Pick out the jobs that have no $ADDRESS_ZIP4 defined, figure out the zip+4 based on the address and 5-digit zip in the job (requires an account with SmartyStreets with credentials in config/phantom-dc_config.rb), and try the job again.
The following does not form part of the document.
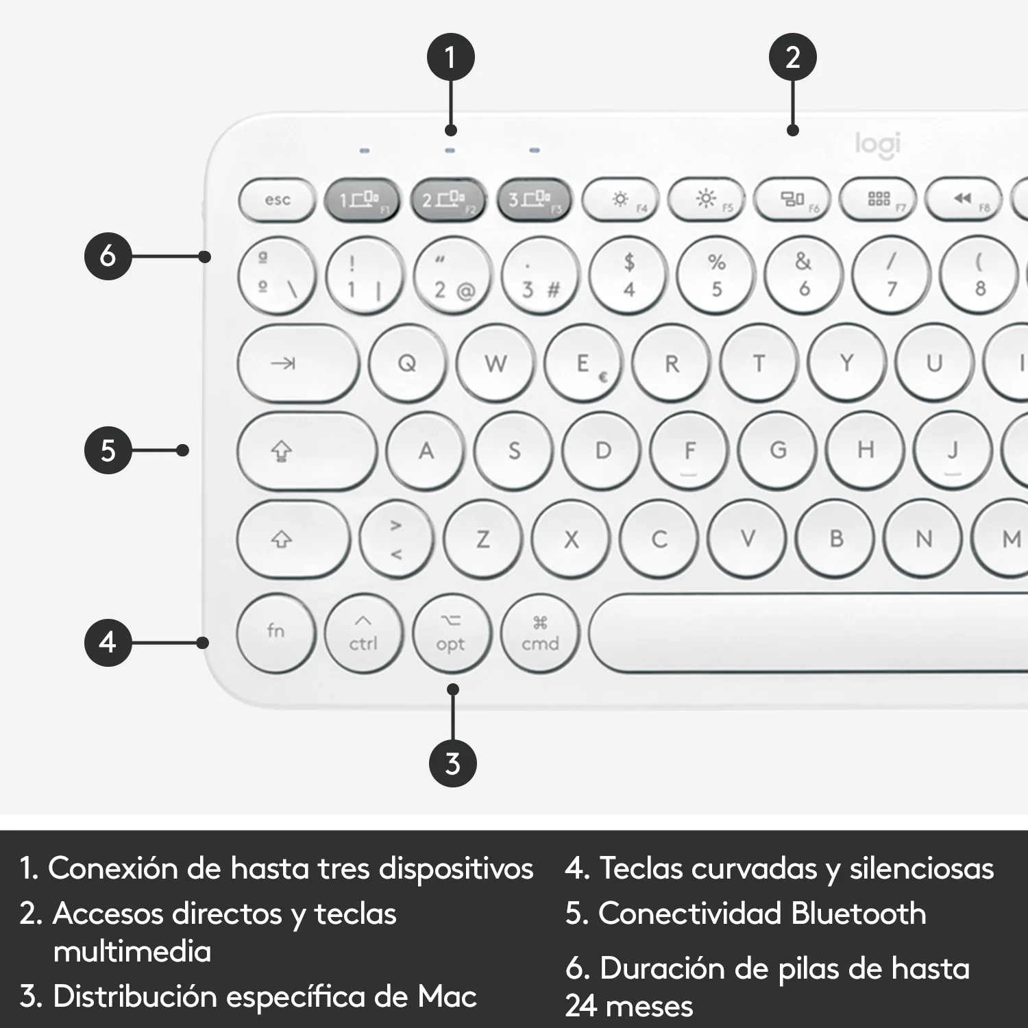 El teclado Bluetooth® Logitech® K380 para Mac, PC y dispositivos móviles transforma cualquier espacio en un entorno minimalista, moderno y multidispositivo, permitiéndote escribir en tu iPhone, iPad, MacBook, iMac y más*. Con la capacidad de conectarse a tres dispositivos simultáneamente, puedes cambiar de uno a otro al instante.

Optionally provide:

Examples:

$  rake phantom-dc:delayed_job:zip4_retry
$  rake phantom-dc:delayed_job:zip4_retry[A000000]

Padrino Console

If you prefer to dive deep, you can fire up the padrino console with padrino c and debug jobs:

> Delayed::Job.where(queue: "error_or_failure").count # count of all jobs
 => 78
> job = Delayed::Job.where(queue: "error_or_failure").first # get the first job
 => #<Delayed::Backend::ActiveRecord::Job id: 318, priority: 0, attempts: 1, handler: "--- !ruby/object:Delayed::PerformableMethod\nobject:...", last_error: "Unable to find css \"p\" with text /Thank you!/\n[\"/ho...", run_at: "2014-07-03 12:14:10", locked_at: nil, failed_at: nil, locked_by: nil, queue: "error_or_failure", created_at: "2014-07-03 12:14:10", updated_at: "2014-08-26 18:50:27">
> handler = YAML.load job.handler # get the "handler" which contains the object to be acted upon and the arguments
 => #<Delayed::PerformableMethod:0x0000000544ae30 @object=#<CongressMember id: 60, bioguide_id: "F000457", success_criteria: "---\nheaders:\n  status: 200\nbody:\n  contains: Your m...", created_at: "2014-04-30 19:08:05", updated_at: "2014-07-03 18:54:34">, @method_name=:fill_out_form, @args=[{"$NAME_FIRST"=>"John", "$NAME_LAST"=>"Doe", "$ADDRESS_STREET"=>"123 Fake Street", "$ADDRESS_CITY"=>"Hennepin", "$ADDRESS_ZIP5"=>"55369", "$EMAIL"=>"johndoe@example.com", "subscribe"=>"1", "$SUBJECT"=>"Example subject", "$MESSAGE"=>"Example Message", "$NAME_PREFIX"=>"Mr.", "$ADDRESS_STATE_POSTAL_ABBREV"=>"MN", "$TOPIC"=>"Example Topic", "$PHONE"=>"555-555-5555", "$ADDRESS_ZIP4"=>"1234"}, nil]>
handler.args[0]['$PHONE'] = '123-456-7890' # set the phone number

Then, when you're ready to retry the fill:

handler.perform # try filling out the form
handler.object.fill_out_form(handler.args[0]) do |c|
  puts c
  STDIN.gets.strip
end # fills out a form with a captcha